Something cracked inside her, perhaps her heart.
She wanted a child. She thought she’ll again try talking to him knowing that it would be useless. Runal dressed up and came outside declaring that he’d be late. Before she could even say a word he went out. She looked at the watch again.

11pm
I guess it's already too late.

Runal was driving very fast on the empty roads of the city.

“I have to tell her now. I have to. I can’t keep it a secret now. All these years I have taken all precautions to hide it, taking extra measures to prevent any effect on her but now I have no escape. Impregnating her meant sowing the seeds of my disease in her. Damn!

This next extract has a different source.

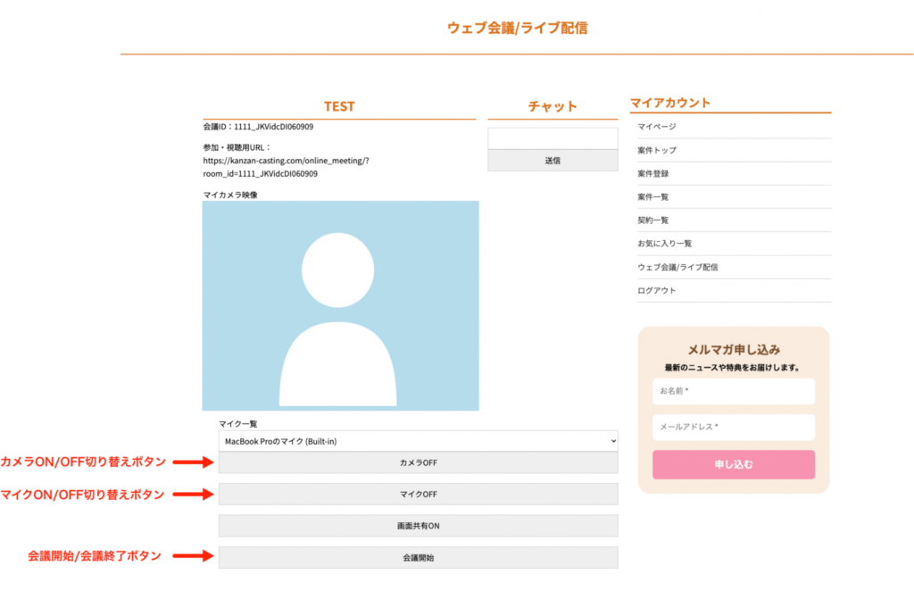 モードの「ウェブ会議モード」をチェックして「作成」をクリックするとウェブ会議が開始されます。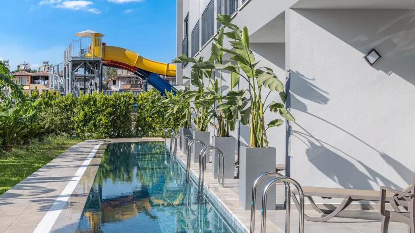 Skėčiai nuo saulės prie baseino

I can’t even think about this. I do not want her to suffer the way I am suffering everyday. I still regret getting this tattoo done. How would have I known this tattoo would alter my life this way making me an HIV Positive person. And there are high chances that the child will have the same disease. But if I tell her she’d hate me, probably leave me, abandon me but if I don’t I’ll deprive her of joys of motherhood. What if I tell her that I am infertile? But then someday my HIV will lead to Aids then what will I do.”

Suddenly darkness engulfed him, he lost control.
He felt a hand on his head, a warm liquid on his cheeks and then a finger wiping it away.
“Where am I”, he wondered.
He felt intense pain trying to bring his senses in order, a hazy appearance sat next to him. It was his wife.
“Runal? Runal? Doctor I guess he is gaining consciousness”, she rushed outside.
He looked at her. Her eyes were swollen and red. Her dishevelled appearance showed her anxiety. When the doctor exited he asked her to come and sit next to him.
“I have to tell you something.”
“I already know that. Your blood reports were given because you lost excess blood during the accident.”
“Then what are you still doing here?”
“What do you mean by that. I am your wife. If I will not be sitting here who else would? I guess he operation has had a bad impact on your brain”, she smiled.
“Are you not angry I hid that from you?”
“Angry? No. Sad? Yes. I wanted you to tell me and not the doctor but I guess you had a reason for not telling me.”
“Why are you still with me? You can leave.”
“I did not marry you to leave you when you require me the most. I am here and I will stay. And you don’t tell me what I should do or not. You have messed up enough. Now let me take control. See you are so bad at handling things alone. You need me and I need you more than I need a child. By the way I have filled an adoption form and because you have fractured your hand I copied your signature”, she giggled like a naughty child.
“ I love you.”
“If you mean it never lie to me again. Take rest now.”
“Won’t you say you love me too?”
“Ummm is it necessary? I’ll say when I feel like. I said it around a thousand times when you were unconscious. You did not reply. You know how I felt? I felt like you were slipping out of my hands. You should be glad at least I am wide awake listening to your love saga and blushing.”

He closed his eyes and slept peacefully, for the first time in so many years.